There are many applications for therapeutic strategies involving BK channels. There has been research displaying that a blockage of BK channels results in an increase in neurotransmitter release, effectively indicating future therapeutic possibilities in cognition enhancement, improved memory, and relieving depression. A behavioral response to alcohol is also modulated by BK channels, therefore further understanding of this relationship can aid treatment in patients who are alcoholics. Oxidative stress on BK channels can lead to the negative impairments of lowering blood pressure through cardiovascular relaxation have on both aging and disease. Thus, the signaling system can be involved in treating hypertension and atherosclerosis through targeting of the ɑ subunit to prevent these detrimental effects.

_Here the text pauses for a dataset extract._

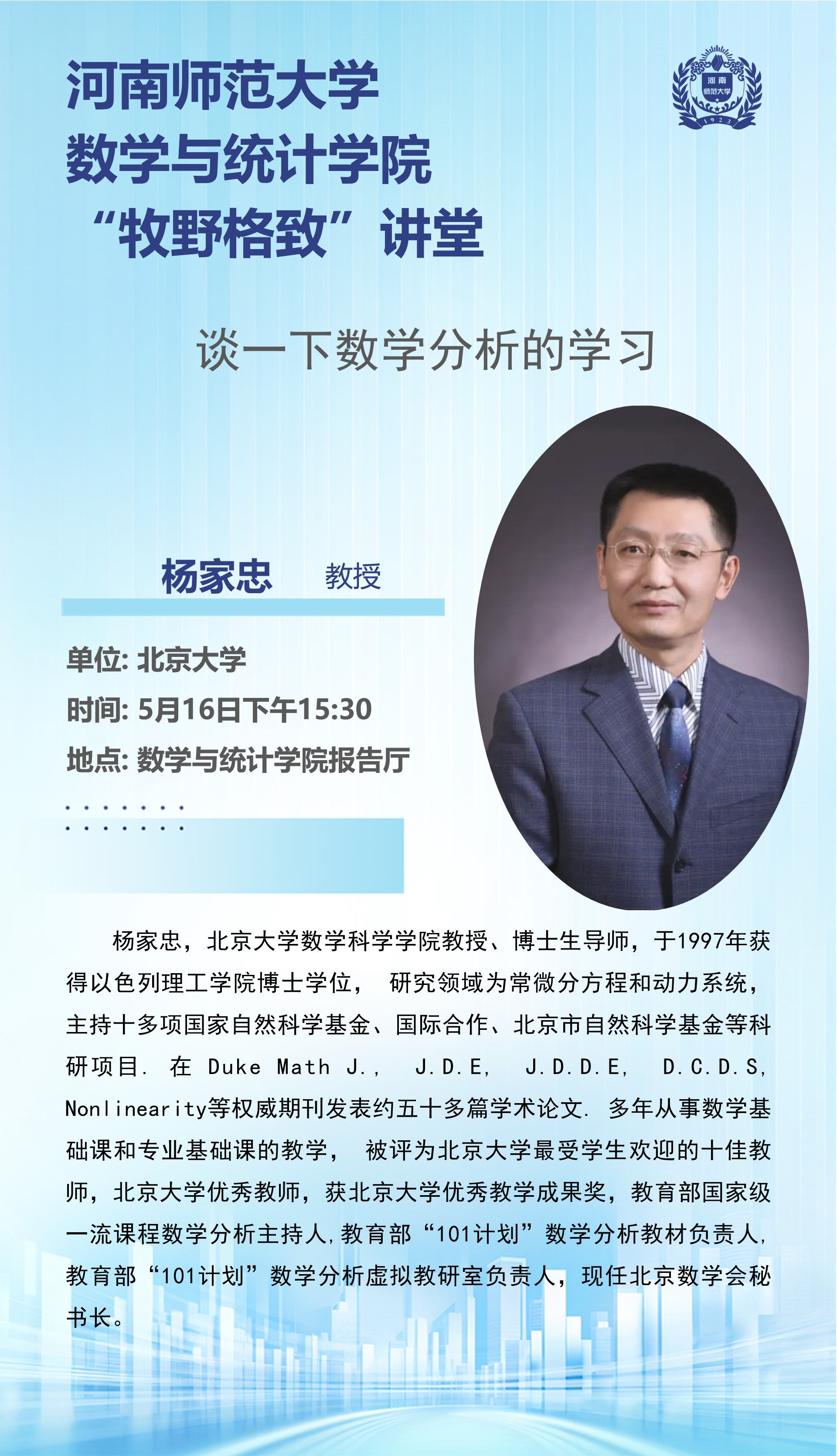北京大学杨家忠教授将应邀做客“牧野格致”讲堂

Furthermore, the known role that BK channels can play in cancer and tumors is limited. Thus, there is not a lot of current knowledge regarding specific aspects of BK channels that can influence tumors and cancers. Further study is crucial, as this could lead to immense development in treatments for those suffering from cancer and tumors. It is known that epilepsies are due to over-excitability of neurons, which BK channels have a large impact on controlling hyperexcitability. Therefore, understanding could influence the treatment of epilepsy. Overall, BK channels are a target for future pharmacological agents that can be used for benevolent treatments of disease.